Искать опору как во внешнем мире, так и в собственном «я» – значит обманывать себя, вновь и вновь повторяет даосский патриарх. Мы стоим здесь у истока очень важного мотива китайского миросозерцания, которому свойственно воспринимать опытный мир не как нечто естественное, обыкновенное и т.п., но прежде всего как нечто фантомное. Значит ли это, что нужно отвернуться от видимого мира? Ни в коем случае! Отворачиваться некуда. Природа реальности у Лао-цзы в том и состоит, чтобы «пребывать в ином». Перед взором даосского мудреца вещи «проходят в великолепном разнообразии», мудрый только постигает через них чистое, беспредметное «возвращение» в пустоту. Реальность Лао-цзы в качестве «пустотного образа» эстетична по природе (отсюда решающее влияние даосизма на становление китайского искусства). Но эта эстетика, как станет ясно ниже, приуготавливает этическую позицию.

Тень мира невозможно опознать, о ней нельзя ничего сказать – ведь от нее нельзя отстраниться. Здесь корни свойственной даосским авторам апологии незнания и безмолвия. Точнее сказать, знающего незнания и говорливого молчания. Знание предметно, а осознанное незнание, будучи внешне неопределенным, с полной ясностью внутренне определяет и удостоверяет себя. Это сознание несчислимой внутренней дистанции – а Лао-цзы неоднократно говорит о некоей «глубине» и «толщине» нашего опыта – как раз и представляет собой состояние духовного бодрствования, каковое впоследствии даст о себе знать в доходящей до гротеска

64

экспрессивности, откровенной условности классической китайской живописи.

Что же касается безмолвия, то оно, конечно, не равнозначно чистой отрицательности ничто, но указывает на безусловную открытость существования, которая хранит полноту смысла и побуждает говорить. Когда Лао-цзы призывает «опустошать головы и наполнять животы» людей, он хочет только подчинить рассудок органической полноте существования, заставить мысль искать опору не в самой себе, а непосредственно в жизни, в темной глубине телесной интуиции, в бесконечности не-мыслия, ответом, реакцией на которую на самом деле и является мысль. Очень современная позиция, коль скоро современной мысли свойственно задумываться над собственным несоответствием своему предмету.

Для Лао-цзы (как и для Конфуция) не существует словесного образа трансцендентной реальности. Канон в китайской традиции, как можно видеть по цитированным выше словам Чэн Сюаньина, есть продукт постепенного овеществления чистой, без-образной структуры первозданного Хаоса и несет в себе ее непроницаемую глубину. В культурной же практике прототипом канона был, как мы увидим ниже, ритуальный жест. Соответственно, подлинной основой китайской традиции была не ортодоксия, то есть «правильное мнение» (китайцы всегда признавали относительность

всех истин и стремились согласовать разные учения), а ортопрактика, то есть «правильное», оно же безусловное, бесконечно действенное действие. Такое действие неизбежно опознается как недействие, ведь оно есть только то, чего нельзя не делать, и никак не выделяется из целостного потока жизни.

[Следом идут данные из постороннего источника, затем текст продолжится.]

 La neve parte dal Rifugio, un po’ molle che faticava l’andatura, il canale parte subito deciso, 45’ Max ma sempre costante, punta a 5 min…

Как ни странно, старейший китайский мудрец не проповедует истин, которых следует познавать и понимать. Если он и учит чему-нибудь, то лишь тому, как разучиться уже выученному, забыть свое знание.

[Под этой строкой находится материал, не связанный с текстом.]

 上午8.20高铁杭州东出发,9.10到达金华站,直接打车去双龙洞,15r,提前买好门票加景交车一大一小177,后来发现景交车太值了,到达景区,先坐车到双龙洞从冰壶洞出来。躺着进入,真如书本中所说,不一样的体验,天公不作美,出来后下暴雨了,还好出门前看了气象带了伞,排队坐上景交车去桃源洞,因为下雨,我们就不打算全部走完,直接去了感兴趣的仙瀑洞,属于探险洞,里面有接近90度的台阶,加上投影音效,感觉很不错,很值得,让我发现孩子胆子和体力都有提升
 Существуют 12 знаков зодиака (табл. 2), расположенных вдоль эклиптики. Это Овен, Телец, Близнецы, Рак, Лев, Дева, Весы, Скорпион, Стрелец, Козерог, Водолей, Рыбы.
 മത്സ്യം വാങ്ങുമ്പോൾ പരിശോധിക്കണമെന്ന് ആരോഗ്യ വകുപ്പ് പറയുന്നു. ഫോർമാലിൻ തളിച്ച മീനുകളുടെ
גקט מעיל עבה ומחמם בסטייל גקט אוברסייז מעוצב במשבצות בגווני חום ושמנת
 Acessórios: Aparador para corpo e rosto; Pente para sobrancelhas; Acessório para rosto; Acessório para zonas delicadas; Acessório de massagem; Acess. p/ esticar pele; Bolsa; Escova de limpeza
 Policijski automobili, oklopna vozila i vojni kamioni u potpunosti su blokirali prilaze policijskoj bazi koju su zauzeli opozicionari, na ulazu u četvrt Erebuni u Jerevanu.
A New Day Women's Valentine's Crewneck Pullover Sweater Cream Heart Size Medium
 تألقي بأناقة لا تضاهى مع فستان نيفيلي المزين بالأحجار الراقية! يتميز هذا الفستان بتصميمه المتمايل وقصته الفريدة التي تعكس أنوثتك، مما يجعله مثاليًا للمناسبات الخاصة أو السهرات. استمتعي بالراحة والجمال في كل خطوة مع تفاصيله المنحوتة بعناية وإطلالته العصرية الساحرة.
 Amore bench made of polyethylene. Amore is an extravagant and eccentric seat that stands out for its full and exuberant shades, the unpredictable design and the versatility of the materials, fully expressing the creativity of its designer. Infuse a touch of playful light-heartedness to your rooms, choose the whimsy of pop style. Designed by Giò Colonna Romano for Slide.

Невозможно «учиться Пути», но есть один очень простой способ постичь его: измениться самому. Это значит: пробудиться. По замечанию М. ЛаФарга, когда автор «Дао-Дэ цзина» говорит о чемто «изначальном», «великом», «вечном» и проч., он имеет в виду не метафизические принципы, а только «экзистенциально основополагающий характер Дао… который переживается и как внутренний личностный центр, и как основание смысла в изменившемся мире»1. Постоянная дислокация смысла в тексте «Дао-Дэ цзина» как раз призвана открывать новые, неизведанные горизонты опыта.

1 M. LaFargue, ук. соч., Р. 208.

65

В конце концов, желание пробудиться, прозреть определяет все, что есть ценного в нашей жизни. Жизненные ценности – вещь неосязаемая, наблюдению и анализу практически недоступная. Однако без них невозможна человеческая коммуникация, и поэтому именно они составляют живое тело культуры. Искусство политики есть, собственно, умение организовывать с их помощью пространство человеческой социальности. Мы можем назвать эту реальность символической и притом рассматривать ее как в своем роде первичную и самодостаточную реальность человеческого существования, реальность сущностно человеческую или, точнее, человекопорождающую, антропогенную (лишь случайно и временно антропоморфную). Лао-цзы не проводит сколько-нибудь четкого различия между человеком, царем и «прародителем» человечества. Человек, по его убеждению, должен во всяком случае следовать «Пути Неба».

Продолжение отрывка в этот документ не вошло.